Jack Roderick, one of the founding fathers of Anchorage’s government and infrastructure, died this week. He was 94.
He packed what seems like three different lives into those years: military service, college football, truck driving, a law practice, the Peace Corps in India, publishing an oil industry newsletter and serving as mayor of the Greater Anchorage Area Borough.
He also had a huge network of friends, many of whom paid their respects in his final days, said Libby Roderick, one of Jack’s two daughters.
“People heard he was going, and we began to get phone call after phone call after phone call after phone call after email: ‘Could I please say goodbye? Could I swing by and just see him? Would you please pass along the message that I loved him?’” Libby Roderick said. “We just would let them sit there and say what they had to say. And one by one in their little masks, people would come and share stories.”
Those stories reflected Roderick’s long history in Anchorage and his affinity for other people.
Born in Seattle, Roderick originally came to Alaska to work the slime line at a fish cannery on Afognak Island, near Kodiak, to pay off debts he owed Yale University for his degree.

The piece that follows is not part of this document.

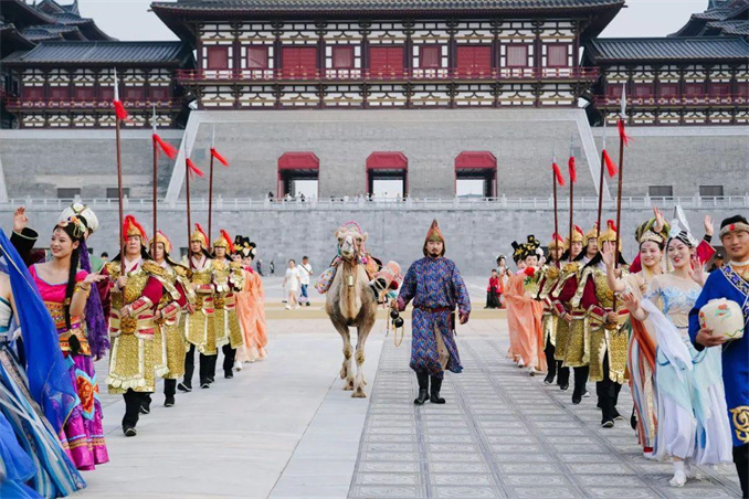 今年7月,在隋唐洛陽城國家遺址公園應天門遺址博物館(簡稱應天門)北廣場,身穿圓領袍、頭戴胡帽的“胡人”,牽著一頭駱駝,從應天門緩步走向明堂天堂。“這是真駱駝!”“我是在電視劇的拍攝現(xiàn)場嗎,這場景仿佛穿越了一樣。”看到“駝鈴陣陣”的現(xiàn)場版,不少游客驚嘆不已,紛紛上前合影留念。

Roderick later got into the oil business and also practiced law in a partnership with Ted Stevens, Stevens and Roderick. And he was elected mayor in 1972 after a race involving a dozen candidates.
“Jack came to Alaska when it was a place where you could do whatever you want,” said Vic Fischer, 96, one of Roderick’s closest friends and the last living delegate to Alaska’s constitutional convention.
Roderick was married to Martha, who died in 2008; he’s survived by their two daughters and granddaughters. He was sober for decades and participated in Alcoholics Anonymous, after being raised by a single mother who divorced Roderick’s father because of a drinking problem he developed following his service in World War I, Libby Roderick said.
“If I could do it, there are only two things I would stop,” Jack Roderick said at a 2016 discussion with the Anchorage Unitarian Universalist Fellowship. “One is war, and the other is alcohol.”
It’s hard to summarize Roderick’s life and careers. But among his proudest achievements were his work developing Anchorage’s trails, the city bus system and the system of community councils that are the nexus for local politics. Roderick said at the 2016 discussion that the idea for the councils came from the mayor of Portland, Oregon.
“I studied political science in college, and I believe that democracy works if people participate,” Roderick said. “And what better way to do that than have them be concerned with things right immediately around them?”
Roderick was part of the group of Alaskans who helped create the state’s government and political institutions after statehood. As the state reckons with its legacy of colonization, that history has become more complicated, but Roderick’s daughter said that her father deeply honored Alaska Native people.
“He played this part in this creation of the state,” Libby Roderick said. “And he recognized the central role of Alaska Native leaders and cultures.”
In recent years, Roderick kept up his regular weekend coffee get-togethers with friends at the New Sagaya market downtown. As the end neared, his friends helped make sure he was able to fill out his absentee ballot for the upcoming election.
Roderick had failing kidneys, but he was also just worn out after a long life, his daughter said.
He spent his final hours in a hospital bed at his home in South Addition, surrounded by loved ones in what they described as the best possible way for someone to pass away.
“Jack had decided that he was ready to die. So, for days, his mind was on leaving this earth,” said Fischer, his longtime friend. “It was a peaceful and beautiful departure.”
Details haven’t been settled yet, but the family plans to hold a memorial service. In Anchorage, Libby Roderick said.